In a 2005 address to the PEN World Voices Festival in the United States, Alexievich explained how she found her writing style. Her comments were translated into English.
For people living in Slavic countries, the spoken word is extremely important, she said. “The point is not simply to exchange facts and information — the idea is that it’s important to speak of the essence of life and of its mystery.”
“As I was searching for the way to represent this, I began to understand that what I was hearing people say on the street and in the crowds was much more effectively capturing what was going on than what I was reading in print — and the way that people were trying to convey it using their pen,” Alexievich said.
In the modern world, she said, it was impossible to write “the book” that encompassed everything in the manner of 19th century novelists.
“We need to have a book where lots of people can make a contribution — one person may speak half a page, someone else may have a paragraph or five pages that they can contribute and that this is a way of conveying what’s going on today.”
“And my genre, I refer to it as ‘the novel of voices’ and you might say that my work as just simply lying on the ground and I go and I gather it and I pick it up and I put it together. If Flaubert said ‘I am a man of the pen — or the plume,’ I could say of myself that I am a person of the ear.”
‘A path of her own’
Alexievich is not the first historian to win the prize, the most prestigious literature award in the world. Winston Churchill won in 1953, primarily for his sweeping, multivolume works documenting British history and the two world wars.
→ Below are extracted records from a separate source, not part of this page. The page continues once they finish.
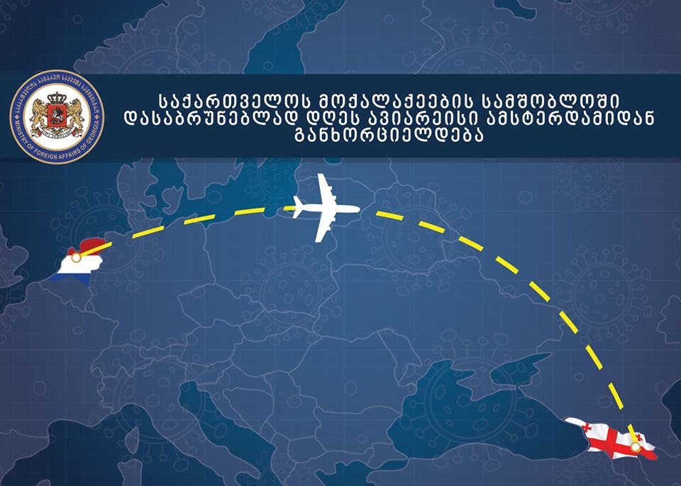 - 15 მაისი - ამსტერდამი-თბილისი - აღნიშნული ავიარეისი განკუთვნილია მხოლოდ ტრანზიტული მგზავრებისათვის, კერძოდ, საქართველოს იმ მოქალაქეებისათვის, რომლებიც იმყოფებიან ამერიკის კონტინენტზე და სურთ სამშობლოში დაბრუნება;
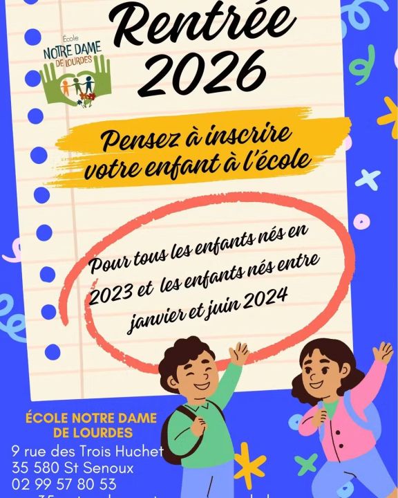 Alors pensez dès à présent à inscrire votre enfant à l'école s'il est né en 2023 (pour une rentrée en PS en septembre 2026) ou entre janvier et juin 2024 (pour une rentrée en TPS).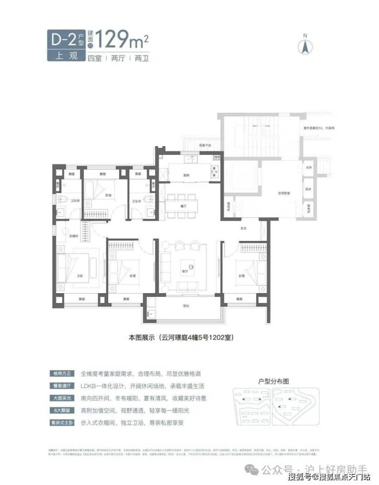 预算充足的小伙伴,可以选 建面约129㎡4房,经典的三卧朝南、边套观景户型。
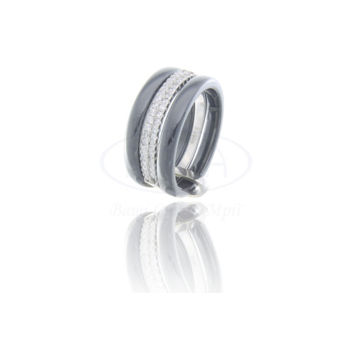 Каблучка срібна з чорною ювелірною керамікою, а також з подвійною доріжкою з білого циркону. Срібло 925 проби, покрите родієм.
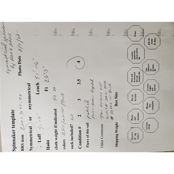 cloth weight: .5 oz * total weight of sail: 18 lbs * L code: D-1 * Photo date: 8/7/20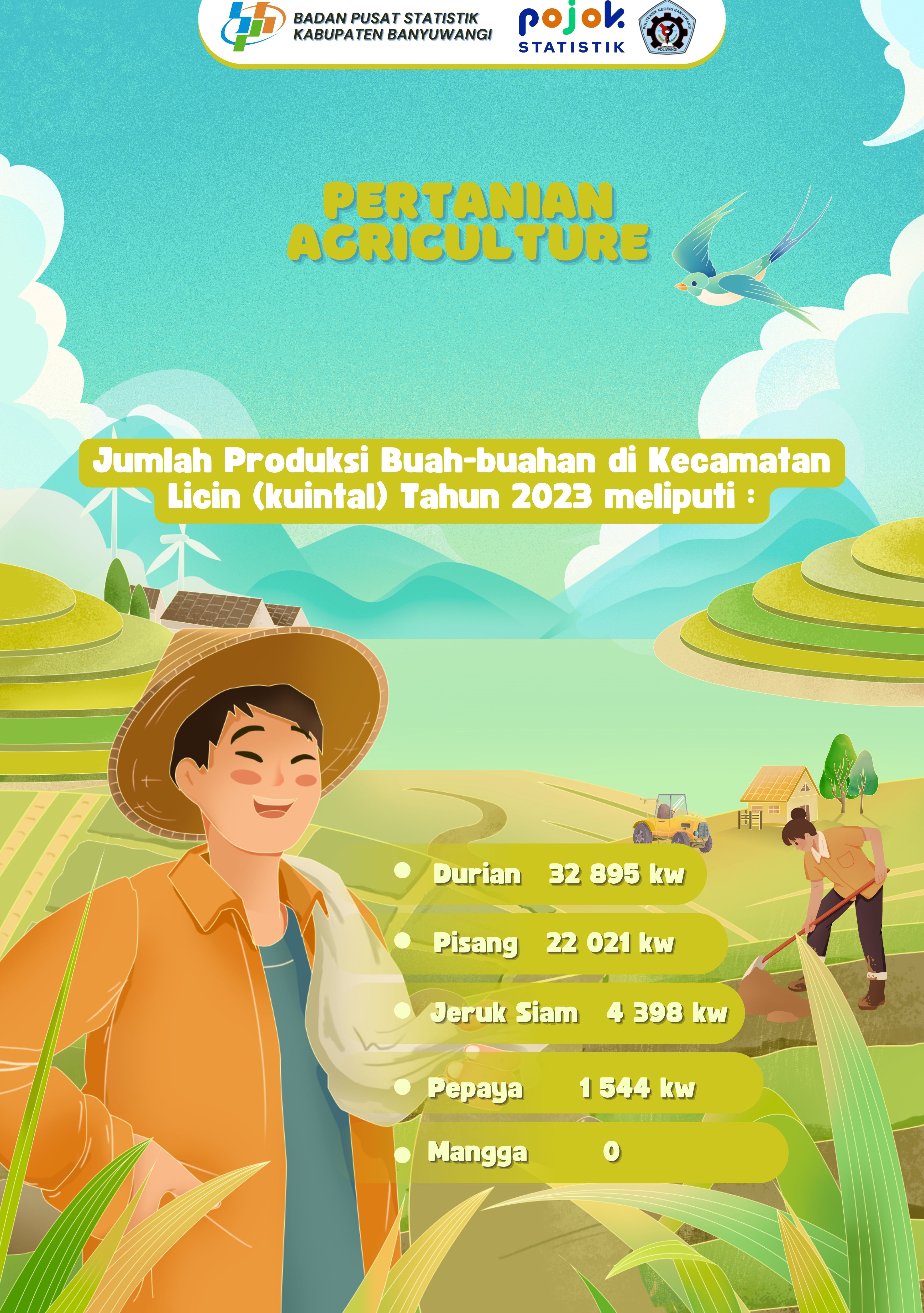 Pada infografis pertanian tersebut menampilkan jumlah produksi buah-buahan di Kecamatan Licin tahun 2023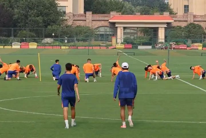 泰山队官方视频显示,当球员进行热身训练时,韩鹏和助手走向正在训练的球员,此时韩鹏的后背已经湿透。泰山队的训练内容以传接球和小场地对抗为主。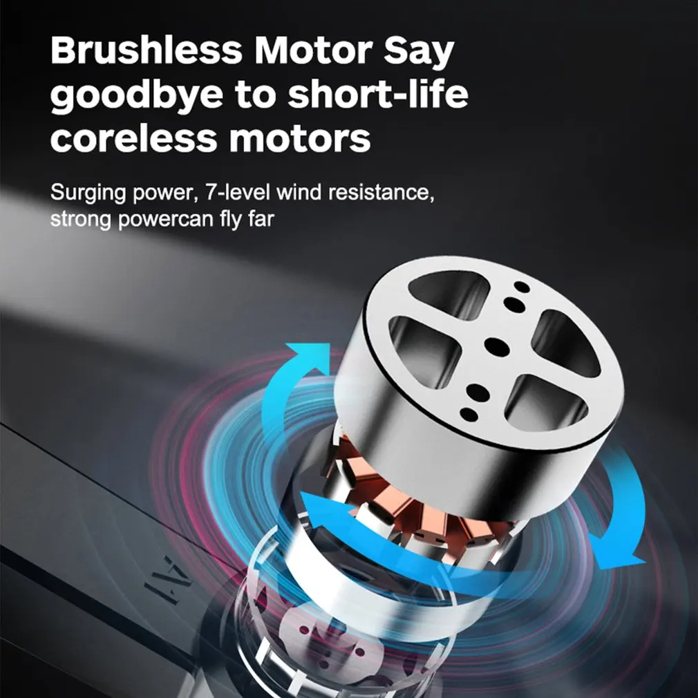5. The brushless motor has surging power, 7-level wind resistance, and strong power can fly far.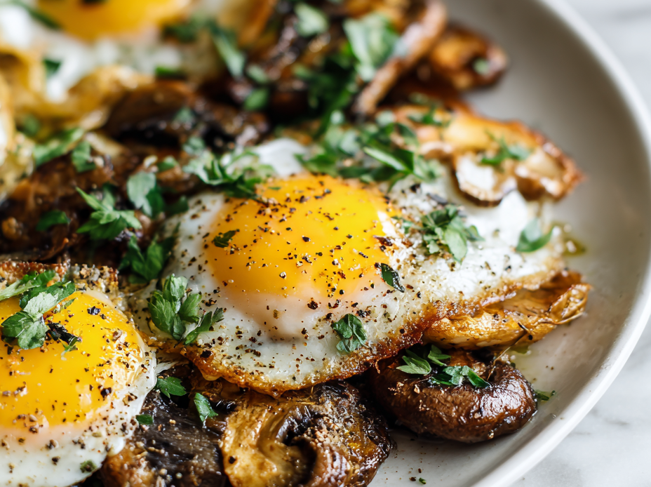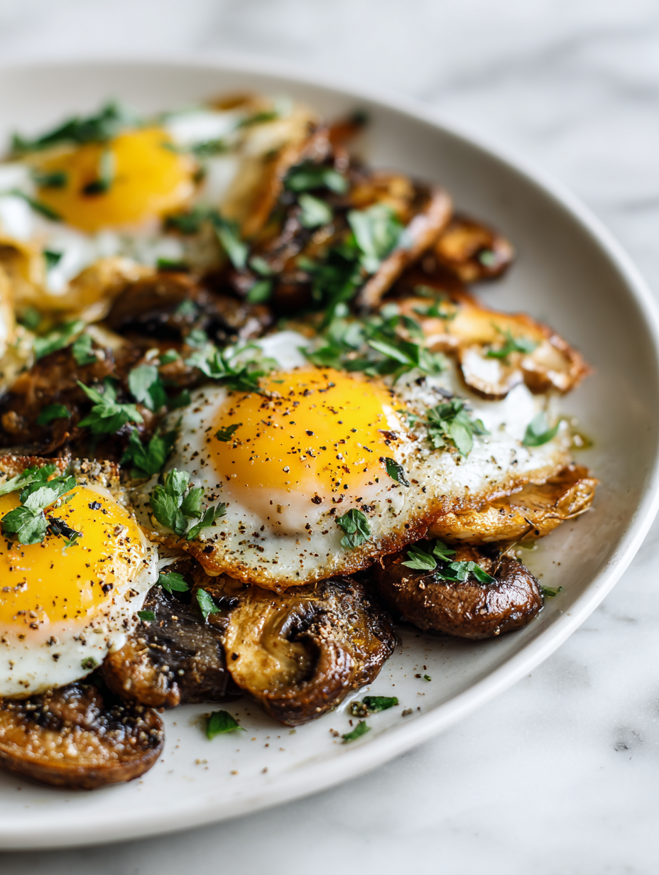 7. Serve immediately directly from the skillet, enjoying the tender mushrooms and perfectly runny eggs with a bright, fresh flavor.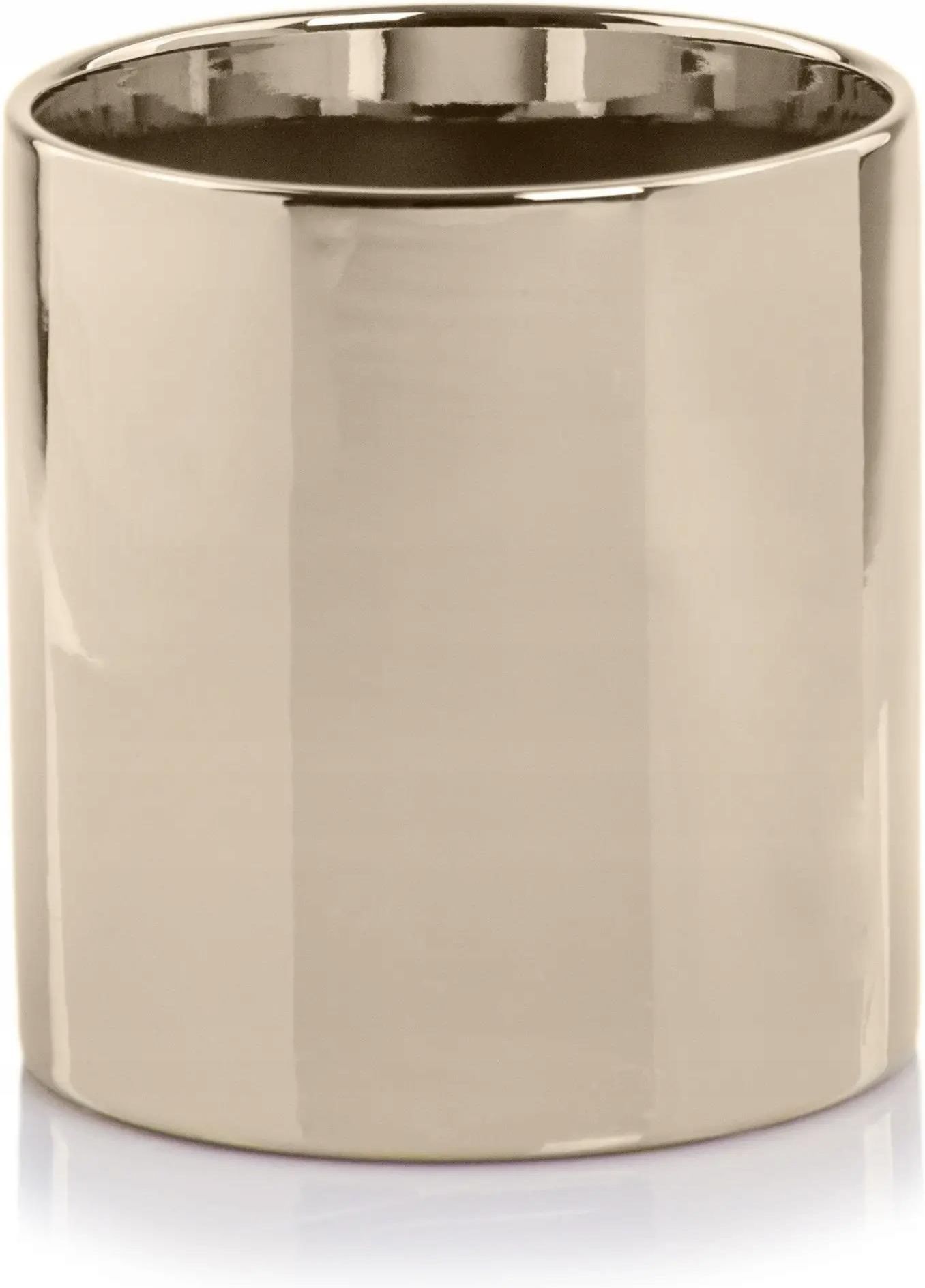 Złota Osłonka Ceramiczna - Walec 8x8 cm Artykuł wykonany jest z ceramiki cienkościennej i jest wykończony wysokiej jakości szkliwem lustrzano-złotym. Gładka powierzchnia dzięki procesowi galwanizacji Dzięki procesowi galwanizacji powierzchnia produktu jest gładka i jak lustro odbija otoczenie. …

Alexievich’s books include “The Chernobyl Prayer,” “The War’s Unwomanly Face,” “Last Witness,” and “Zinky Boys.”
Her website says she was born in 1948 in Ivano-Frankovsk, in then-Soviet Ukraine, to a Belarusian father and a Ukrainian mother.
Her family later moved to Belarus, where both her parents worked as teachers.
She began her career as a reporter on a local newspaper before formally studying journalism at Minsk University. She then worked as both a teacher and journalist, eventually taking the position of correspondent for a literary magazine.
She tried various literary genres, but attributes her final choice to Belarusian writer Ales Adamovich, who her website says “helped her find a path of her own.”
Alexievich’s first book, “I’ve Left My Village,” gave her a reputation as a dissident. When she completed “The Unwomanly Face of the War,” in 1983, she was accused of the “de-glorification of the heroic Soviet woman.” The work was not published until 1985, when Mikhail Gorbachev came to power.
Alexievich’s views and independence have made her unpopular with authorities in Belarus, as well, where she belongs to the opposition, her website says.
“Her books add up to a literary chronicle of the emotional history of the Soviet and post-Soviet person,” the site says.
Secrecy for half a century
In contrast to other years, when the winner has been a surprise, Alexievich was one of the favorites this year. Other favorites had included Japanese novelist Haruki Murakami, Kenyan novelist Ngugi Wa Thiong’o, Norwegian novelist and playwright Jon Fosse and American writers Joyce Carol Oates and Philip Roth.
The list of nominations will be kept secret for 50 years.
Alexievich is 67. The average age of the winners in literature been 64.
The oldest winner was Doris Lessing, who was 88 when she won the prize in 2007. The youngest was Rudyard Kipling, best known for “The Jungle Book,” who won at age 42.